I’ve come to a conclusion as I sat here today. I am more comfortable dealing with people with mental illnesses that with regular people. I don’t feel that I have much of anything in common with the average person, really. My life isn’t about getting up and going to work every day. It isn’t about paying the mortgage and sending the kids to college. It’s not even about doing the things in life that I want to do. It’s about survival. It’s about taking the lemons I have been given and making the best pitcher of lemonade I can under these circumstances. It’s about not coming undone on a daily basis and having my cheese slide completely off my cracker. It’s about not going crazy.
I don’t really know a lot of people with mental illness, personally. Most of my time is spent in the company of “normal” people. In fact, the only time I have really been around people that I knew for a fact were mentally ill was in the hospital. I have been hospitalized five times in my life and I have always felt right at home within the walls of the facility I was locked up in, finding a common ground with the other patients and their own individual little worlds. We all got along splendidly and I have learned much from listening to the stories that others have had to tell of their problems and the ways that they have come through them. I am thankful for the people that God has allowed into my life and those people sometimes only stay for a minute before they are shuffled off to their next stage in life. However, they may be gone but not forgotten.
I also haven’t been to church in forever. Part of it is because I don’t do well in crowded places surrounded by people I don’t know. I really don’t even spend a lot of time around people that I do know. But for this reason (and a few that I won’t mention) I have avoided the church environment for a good while now. I have also come to realize that I do not fit well with the average modern Christian either. I am sort of a misfit to tell you the truth, seeking God with all my heart but not fitting in all that well in any one place. The ultimate best thing for me would be to find a group of like-minded believers who also suffer with mental issues who I could fellowship with. That would be a total blessing to me but I don’t know how realistic that is in the near future. However, it is definitely something I am praying about.
So what am I to make of all this?
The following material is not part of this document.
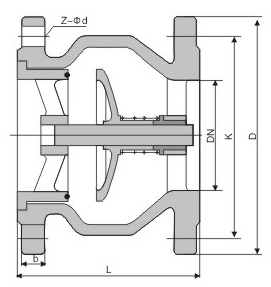 HC41X型消聲止回閥是安裝在水泵出口管道上,用于水泵停機(jī)時(shí)防止介質(zhì)倒流及水錘對(duì)泵的損害。該止回閥閥瓣采用進(jìn)出口兩端中心軸導(dǎo)向,啟閉靈活,可水平安裝或垂直安裝。閥瓣采用彈簧加載,其快速關(guān)閉能有效地消除水錘,密封性能好,關(guān)閉無(wú)噪聲。與靜音止回閥外形較為相似它具有體積小、重量輕、流體阻力小,耐疲勞、壽命長(zhǎng)等優(yōu)點(diǎn)。

And what is the ultimate point? Honestly, I don’t know that there is one. I am living in a strange world where my mind plays tricks on me but no one around me can relate. I have a desire to serve Christ and I am doing that through this blog and my online presence but I am limited in what I can do beyond that. Each day is a challenge that I must rise to meet in the power that the Holy Spirit gives me and I have committed myself to run this course for as long as the Lord gives me the strength to keep going. So that’s what I will do, not knowing what tomorrow holds or where it will take me. I only know that I feel completely comfortable in God’s presence and everything else will be taken care of if I just focus on Him. So that’s what I will continue to do, living my life in Christ, one day at a time.